Hello everyone,
New Julia user here.
Suppose I have a vector of strings, and I’d like to generate a dummy variable for each unique value that appears in that string.
For instance:
data = ["a", "b", "a", "a", "b"]
I want to create a matrix of dummy variables along the following lines:
mat_col1 mat_col2
1 0
0 1
1 0
1 0
0 1
where mat_col1 is a dummy for the level “a” and mat_col2 for level “b”.
I was wondering how this could be done. I’ve messed around with StatsModels.ContrastMatrix but that creates a dummy for every observation x level, not level.
For instance,
using StatsModels
StatsModels.ContrastsMatrix(StatsModels.DummyCoding(), ["a", "b", "a", "a", "b"]).matrix
gives
0.0 0.0 0.0 0.0
1.0 0.0 0.0 0.0
0.0 1.0 0.0 0.0
0.0 0.0 1.0 0.0
0.0 0.0 0.0 1.0
So every column here creates a row-specific dummy variable by level (row-1"a" is a different dummy variable from row-3"a"). This therefore doesn’t give me what I need.

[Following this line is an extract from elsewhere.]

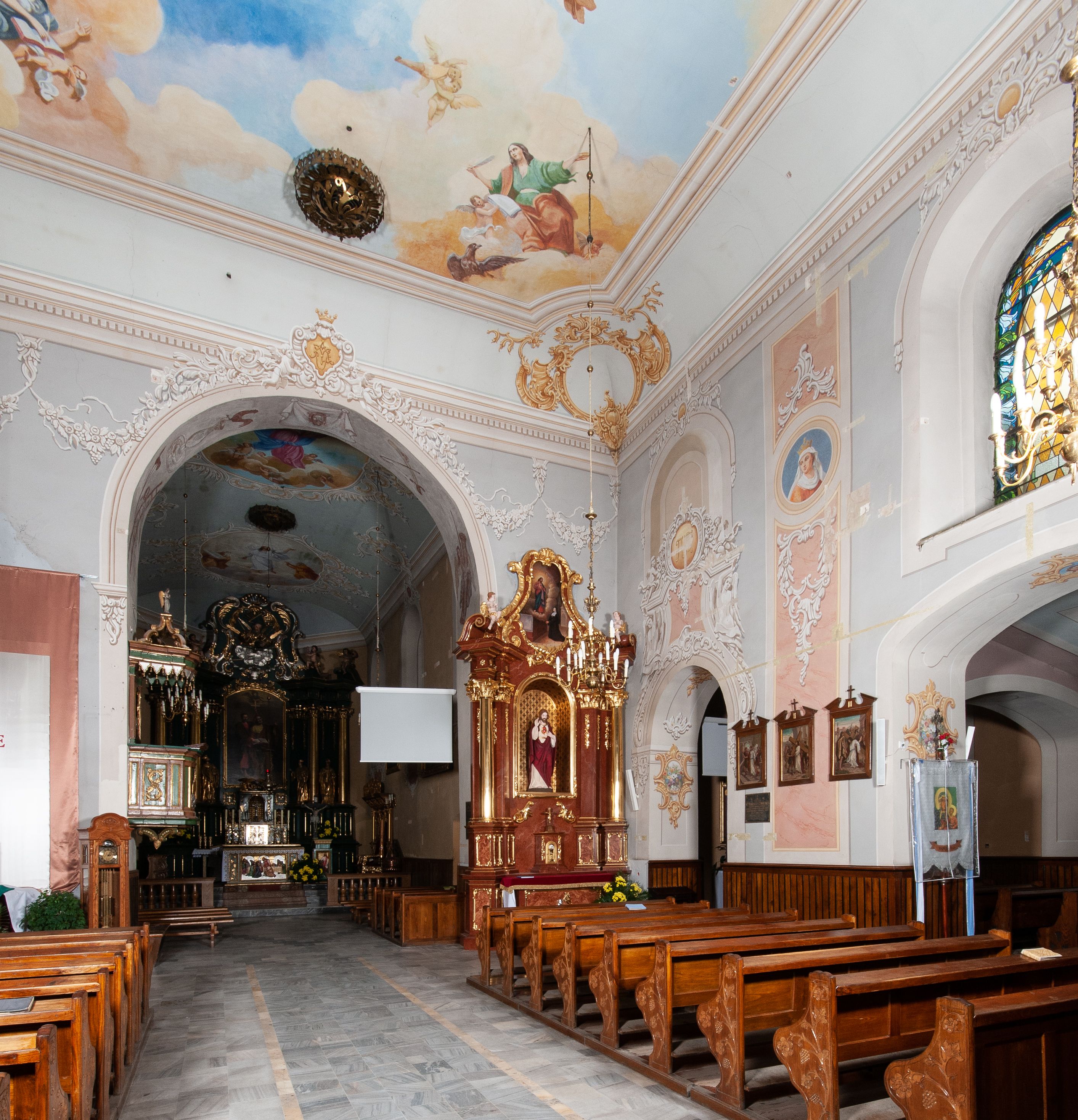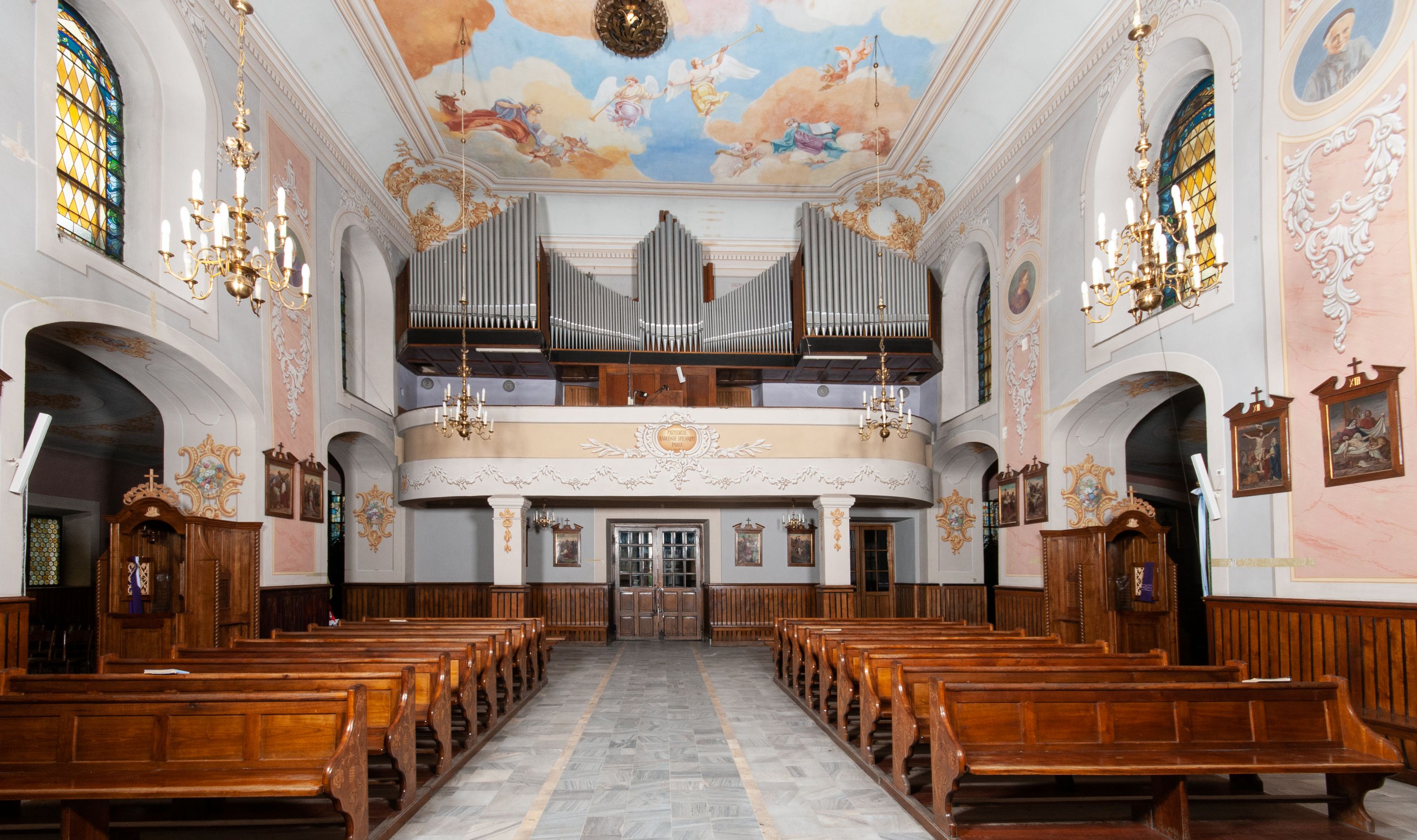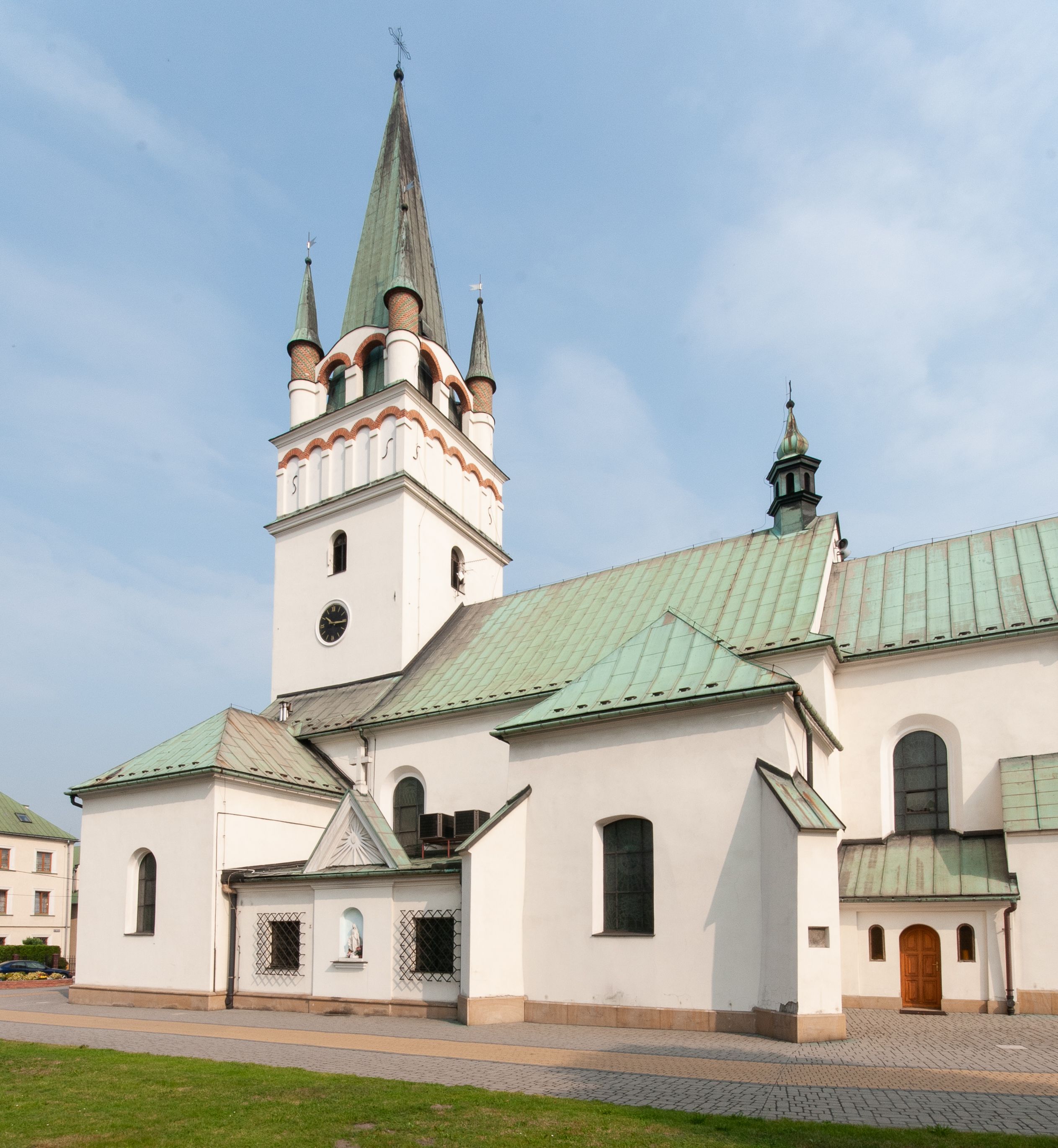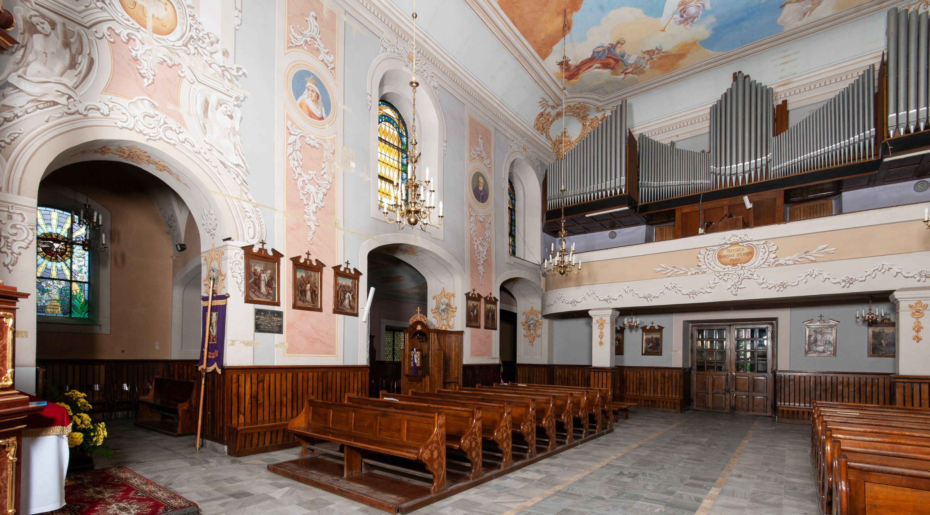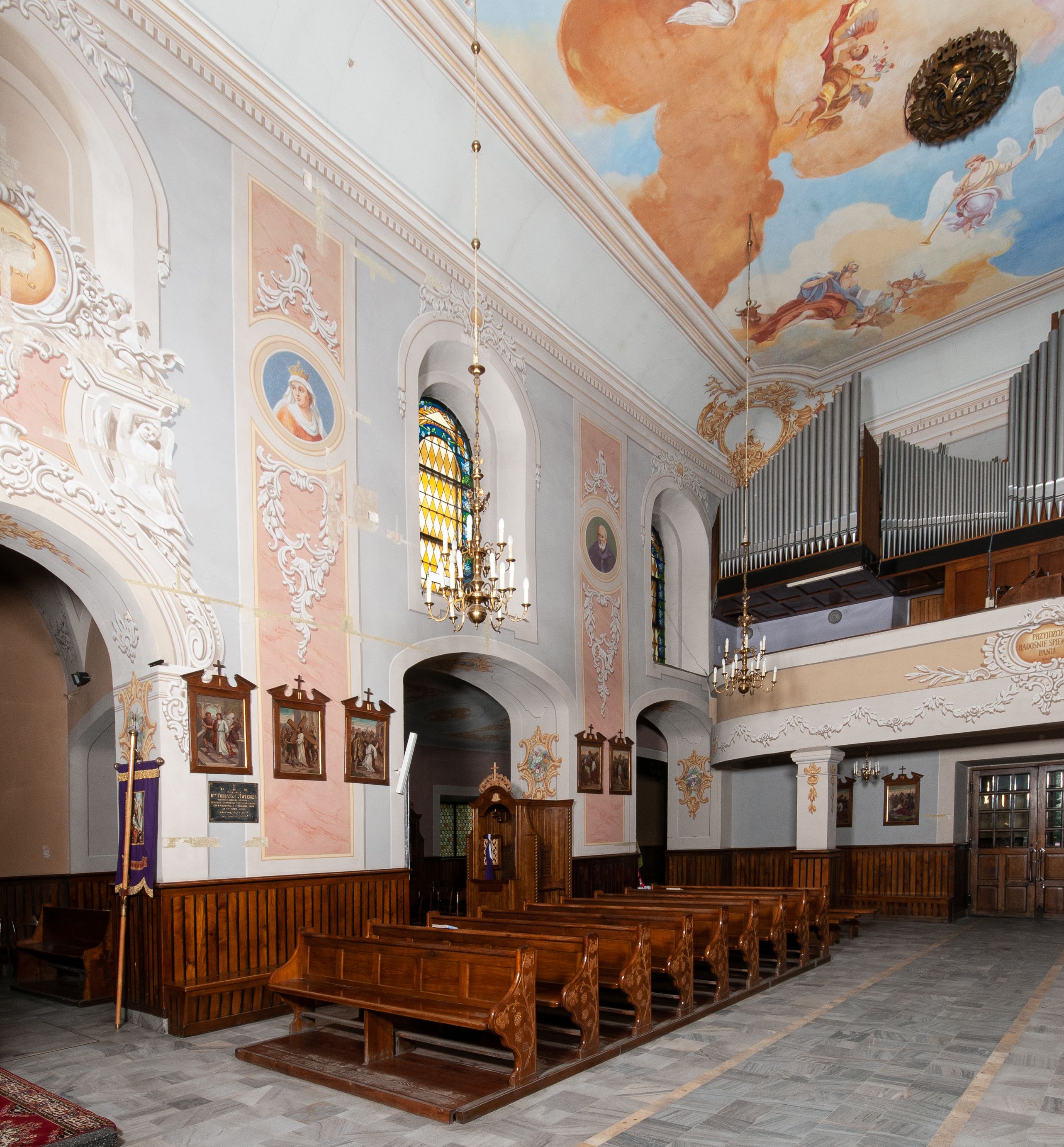 Skawina was established in 1364 by King Casimir the Great. The first parish church was built here in the second half of the 14th century – it was given the invocation of the Holy Spirit, Mary and The Holy Apostles Simon and Jude. Between 1470 and 1480 Jan Długosz described it as built of stone in "Liber beneficiorum dioecesis Cracoviensis". In the middle of the 17th century it was a single-nave building with a chancel in the east and a tower in the west. In 1655 Jan Lipnicus Kuderski funded the side chapel of the Divine Mercy, which was built on the north side of the nave. - In 1662 the church was furnished with seven altars. It was rebuilt twice: the first time in 1720 after the fire of 1704 and in 1728 it was consecrated, the second time in 1826 after the fire of 1815 from the funds of duchess Ludwika Szeptycka. It was then that the church was left with a shortened invocation of Simon and Jude the Apostles. Around 1902 the church tower was elevated according to Władysław Ekielski's project, and in the years 1937-1938, under the direction of the builder Maciej Kurlit, side naves were added and opened with arcades to the main nave. In 1923 the altars were renovated and four additional windows were made. In the 20th century, a portico and a chapel were added to the tower. In the years 1968-1969 Maciej Makarewicz made a polychrome of the church interior, and in the years 1978-1980 the temple was renovated – the roof structure, the roofing, stairs on the tower, etc. were rebuilt. In 1988 the interior was covered with the polychrome designed by J(?) Giebułtowski. In 2012, conservation works involved the high altar and two side altars, as well as painting a new polychrome in the nave and the chancel.

I’m also looking for a full dummy coding, i.e. dv for both a and b, rather than for just b. StatsModels.ContrastMatrix seems to choose a base level and leave that out, although FullDummyCoding seems to get around that.
The example I’ve given is stylized; my actual problem has many observations and levels, so manually creating a dv for each unique value is tough.